NEWS

Successful Home Rule Seminar for A level students

12 October 2012

Students tackle Home Rule at The Braid

Last week A-Level Students from across the Ballymena Borough attended a Home Rule seminar organised by Mid-Antrim Museum at the Braid. The seminar offered an opportunity for History students to tackle themes around the Home Rule Crisis with the help of academic experts.
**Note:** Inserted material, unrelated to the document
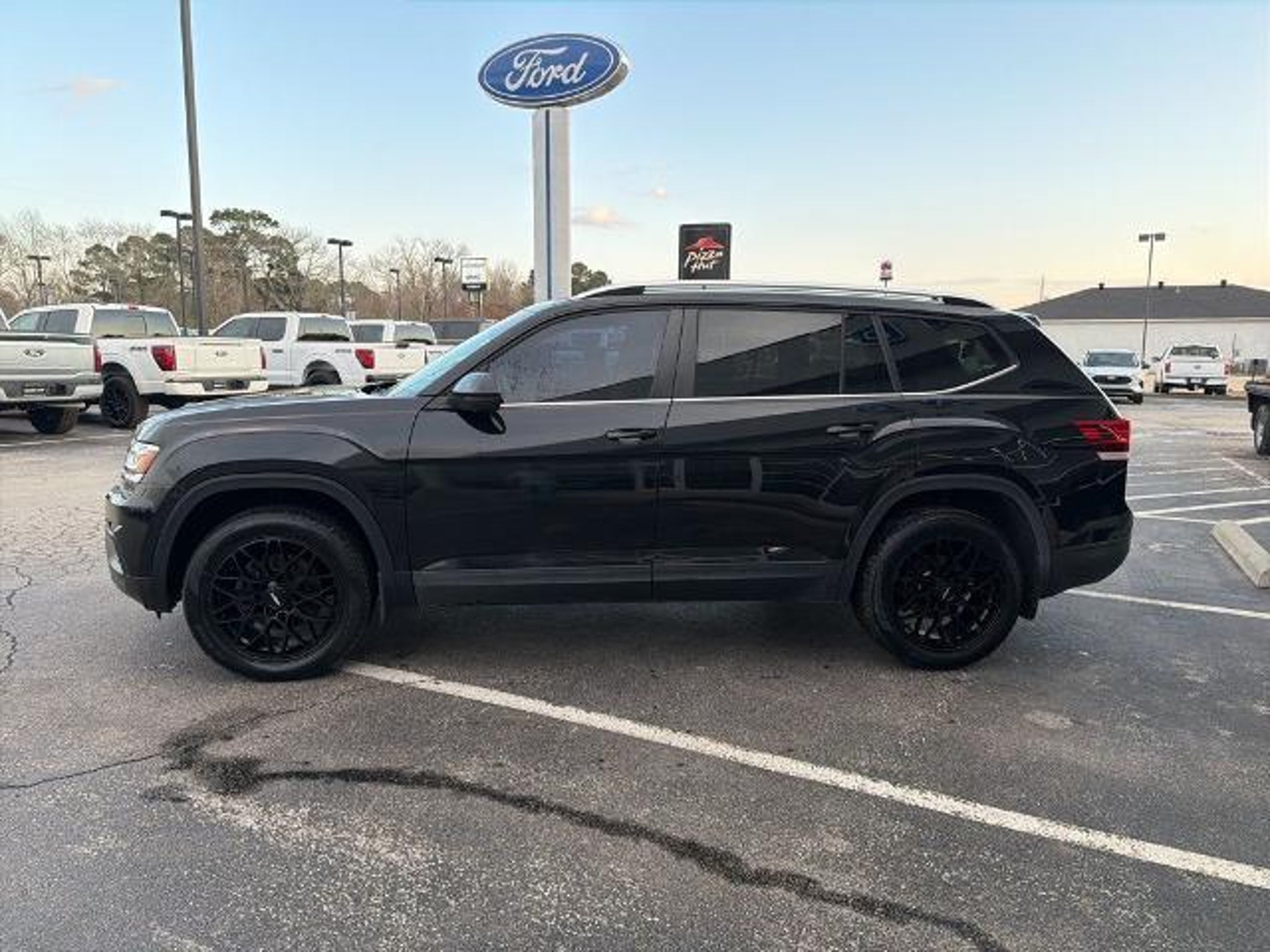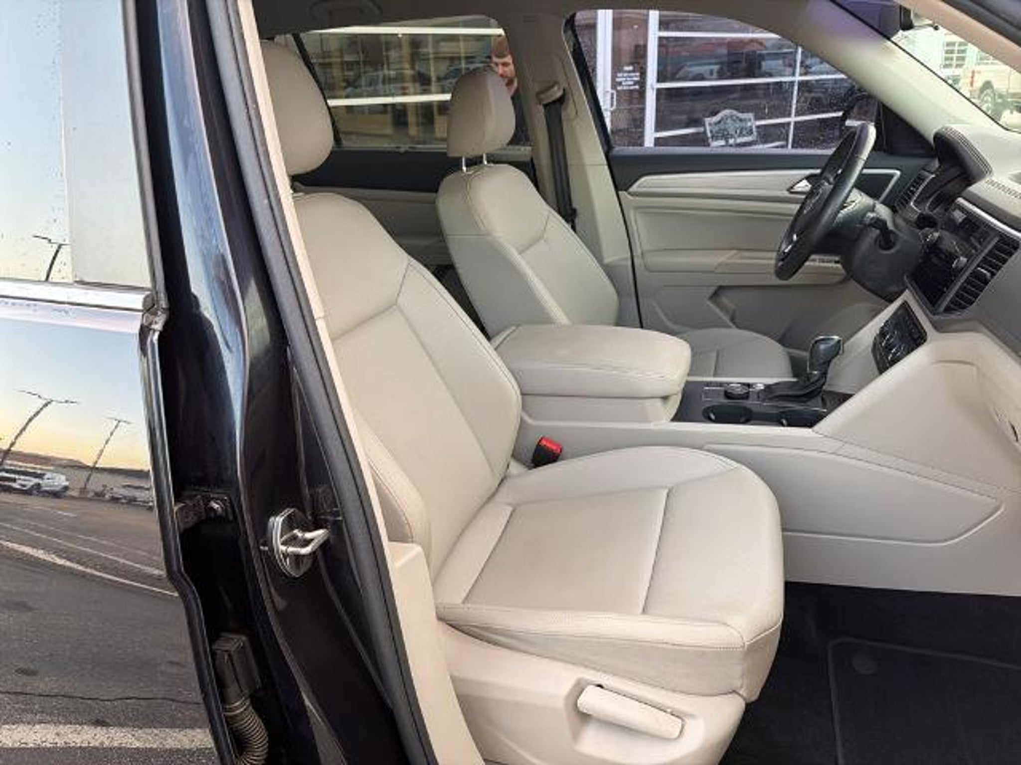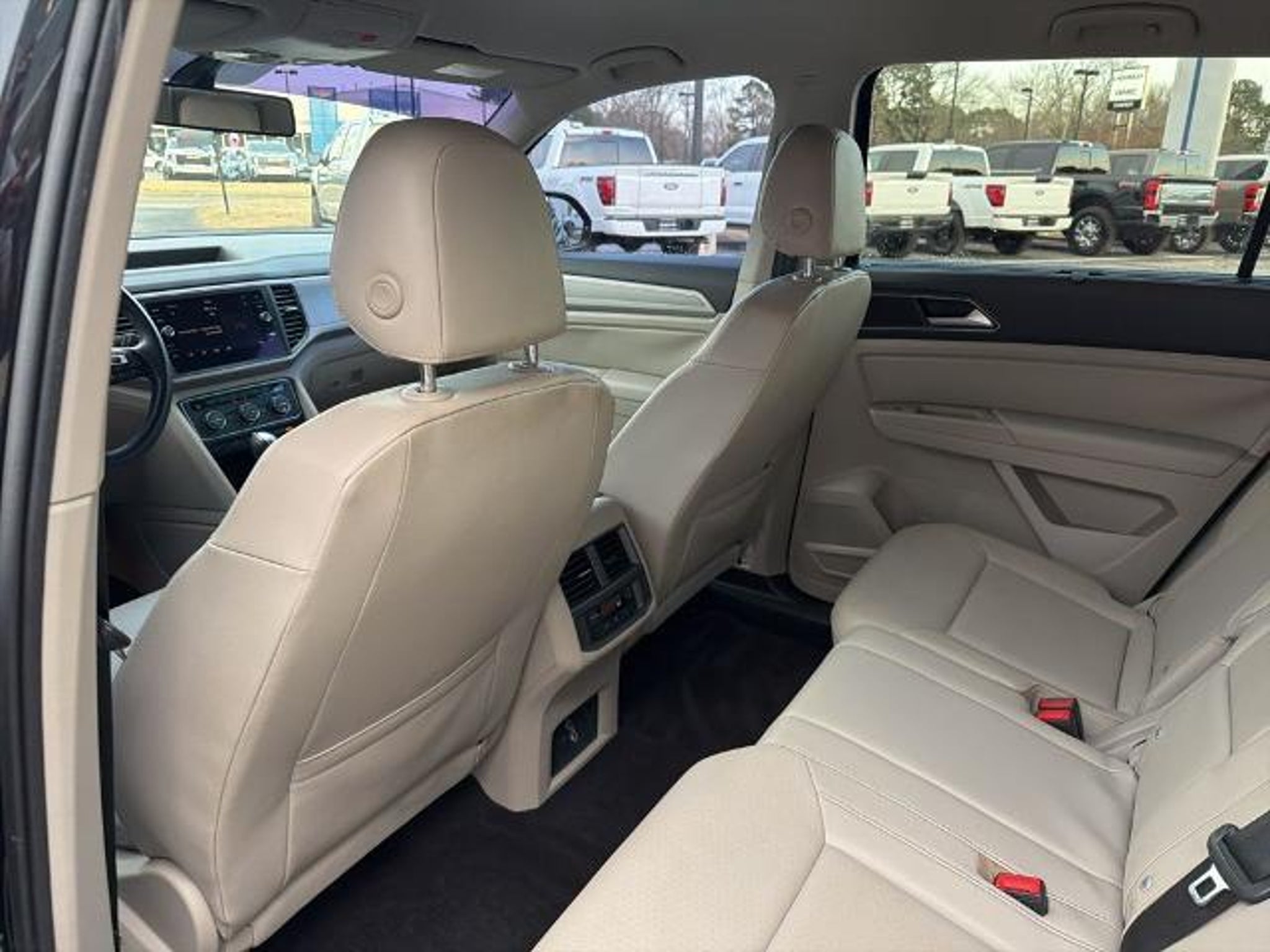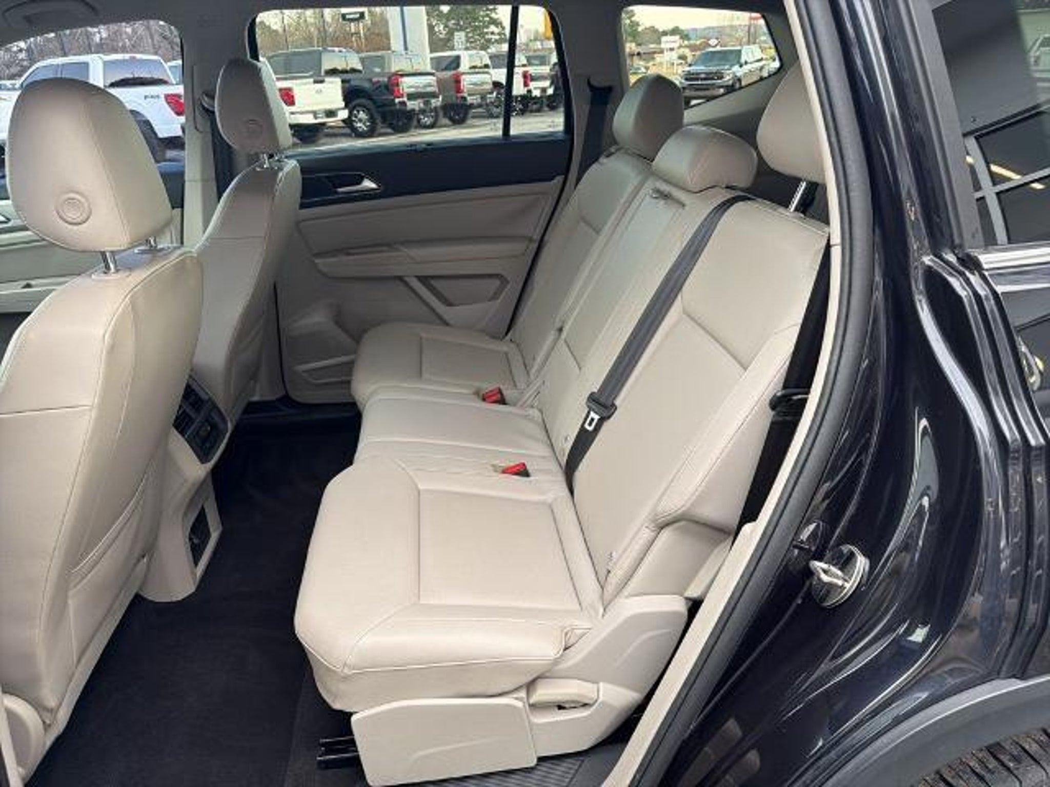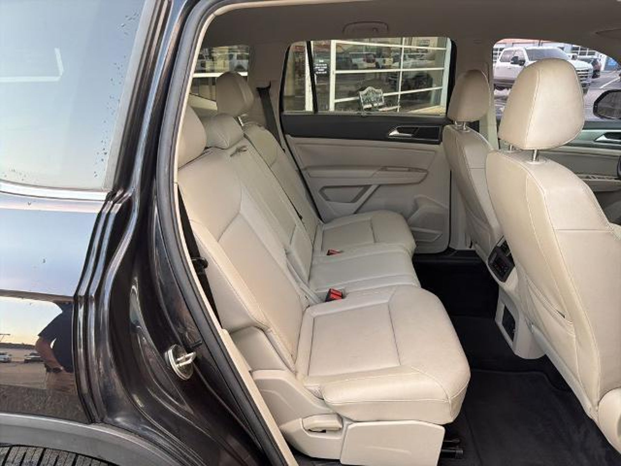 This 2019 Volkswagen Atlas 3.6L V6 SE in Black comes with the following features: 3.6L VR6 8-Speed Automatic with Tiptronic AWD 18 5-Spoke Wheels, 3.60 Axle Ratio, 3rd row seats: split-bench, 4-Wheel Disc Brakes, 8 Speakers, ABS brakes, Air Conditioning, Alloy wheels, AM/FM radio: SiriusXM, Automatic temperature control, Brake assist, Bumpers: body-color, Compass, Delay-off headlights, Driver door bin, Driver vanity mirror, Dual front impact airbags, Dual front side impact airbags, Electronic Stability Control, Emergency communication system: VW Car-Net services (capabilities require enrollment or subscription), Exterior Parking Camera Rear, Forward collision: FCW w/Autonomous Emergency Braking mitigation, Four wheel independent suspension, Front anti-roll bar, Front Bucket Seats, Front Center Armrest, Front dual zone A/C, Front fog lights, Front reading lights, Heated Comfort Front Bucket Seats, Heated door mirrors, Heated front seats, Illuminated entry, Low tire pressure warning, Occupant sensing airbag, Outside temperature display, Overhead airbag, Overhead console, Panic alarm, Passenger door bin, Passenger vanity mirror, Power door mirrors, Power driver seat, Power steering, Power windows, Radio data system, Radio: Composition Media 8.0 Touchscreen, Rain sensing wipers, Rear air conditioning, Rear anti-roll bar, Rear reading lights, Rear seat center armrest, Rear window defroster, Rear window wiper, Remote CD player, Remote keyless entry, Roof rack: rails only, Security system, Speed control, Speed-sensing steering, Split folding rear seat, Spoiler, Standard Suspension, Steering wheel mounted audio controls, Tachometer, Telescoping steering wheel, Tilt steering wheel, Traction control, Trip computer, Turn signal indicator mirrors, V-Tex Leatherette Seating Surfaces, and Variably intermittent wipers. Recent Arrival! Odometer is 4392 miles below market average! Awards: * 2019 KBB.com 12 Best Family Cars * 2019 KBB.com 10 Best Road Trip Cars

Philip Orr, who was commissioned by the Museum to write New Perspectives: Politics Religion and Conflict in Mid-Antrim 1911-114, opened proceedings with excerpts from his successful play 1912, A hundred Years On and provided a local context, describing how momentous national events played out locally in Ballymena and surrounding area. Dr. Éamon Phoenix Senior Lecturer at Stranmillis College offered the participants a Nationalist perspective on the crisis, highlighting some influential characters within the pro-Home Rule movement. Dr. Johnston McMaster and Dr. Cathy Higgins from the Irish School of Ecumenics explored why so many Ulster Protestants were determined to resist Home Rule and examined some key themes within the Ulster Covenant itself.

The seminar was part of an initiative by the Museum, working in partnership with Ballymena Learning Together Partnership, supported by the North East Education and Library Board, to further good relations between post-primary schools in the area by exploring together their shared histories. The day’s proceedings were well received by both students and teachers who found the sessions to be very useful for their own programmes of study within the classroom.

A New Perspectives interactive e-learning website was also launched at the seminar. This on-line learning resource has been developed to support classroom teaching of the Home Rule period by focussing on the local story in Ballymena during the period of 1911-1914. The event was attended by the Mayor of Ballymena, Ald. P. J. McAvoy, local councillors and project funders.

Michael Graham from the North Eastern Education Library Board said,

“At a time when we our young people are studying and appreciating a number of significant centenaries from our past, it is tremendous that the most modern technologies can be used to further bring to life the relevance and drama of these events. We would encourage schools to use this valuable resource in exploring the richness of our shared heritage from which all can learn.”